Slides for “Achieving Practical Reproducibility with Transparency and Accessibility” (DSSV 2020)

I was invited to speak at the ASA’s Symposium on Data Science and Statistics as well as the SAMSI/IASC conference on Data Science, Statistics, and Visualization thanks to Jim Harner at WVU. Both talks were on my approach to reproducible science based on my forthcoming book Introduction to Reproducible Science in R.

The talks make two key points:

  • The scientific method can be deconstructed into methodology and environment. Code is your methodology and your workstation is your environment.
  • Reproducibility is a function of transparency and accessibility

I’ve seen a lot of emphasis on tools to improve reproducibility but less so on process. Even if we solve the problem of being able to reproduce someone else’s work exactly (same data, same code) easily, the tool cannot interpret the methodology for us.

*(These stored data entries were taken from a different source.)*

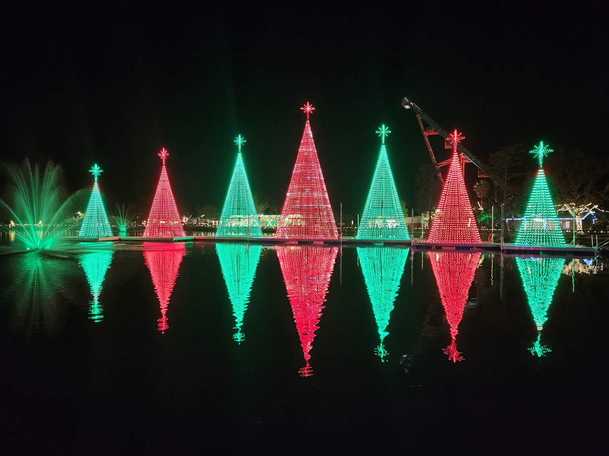 Seven tall, illuminated Christmas tree structures with lights are reflected on a calm lake at night during the Carol of the Animals Lake Show at Wild Adventures Christmas Wild & Bright in Valdosta, Georgia.
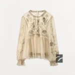 بلوزی از %100 ویسکوز که دارای یقه گرد و آستینهای بادکنکی کشی است. طراحی آن شامل فریزرهای همرنگ، پارچههای سوراخدار و تزئینات گلدار میباشد. همچنین دارای بافت برجسته و مرواریدهای رنگی متضاد است. قسمت پشت بلوز باز و دارای دکمه است.
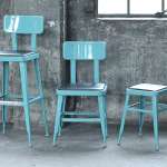 スチールならではの質感とシンプルなデザインが魅力のチェア。多くの飲食店で使われており、インテリアのアクセントに活用する人も少なくない。サイズはW43.5×D47×H81cm。カラーは写真のグレーグリーン含め全5色をラインナップ。
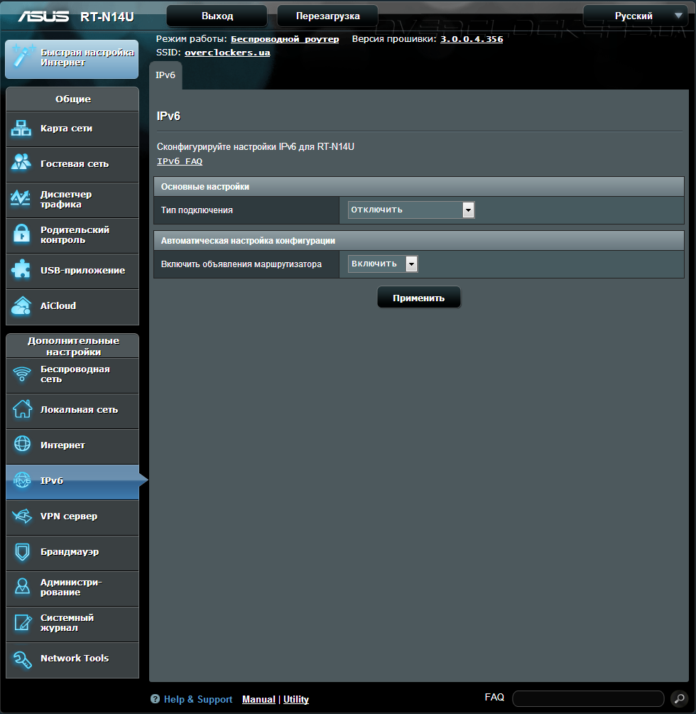 Белые адреса IPv4 уже полгода как закончились, и данный факт нам намекает на то, что переход на IPv6 необратим. ASUS RT-N14U оснащен поддержкой протокола IP шестой версии.

Here’s a simple example I learned in college. Suppose I have a black box that can compute 16/64. When you run the function you get the correct answer: 1/4. However, the method simply cancels the sixes to yield 1 over 4.

Cancel the sixes

You may get desired results but for the wrong reasons. And bad actors will produce desired results by cheating/lying. Transparency ensures others can verify that results are credible. The hydroxychloroquine sham dataset provided by Surgisphere is a poignant example showing how data provenance is one component of transparency. An earlier “study” by the CEO of Surgisphere included doctored images as “results”. Without a transparent method, it’s hard to root out bad actors.

Related to transparency is accessibility: are people of differing ability levels able to reproduce results? In the deep learning realm, many models are not accessible due to their size. GPT-3 is estimated to have cost $4.5mm to train, which means few people can reproduce the results of GPT-3. (That said, the deep learning solution to this problem is to use transfer learning to demonstrate generalizability of the model, thus skirting the issue of strict reproducibility).

The complete presentation from DSSV goes into a bit more detail. Enjoy!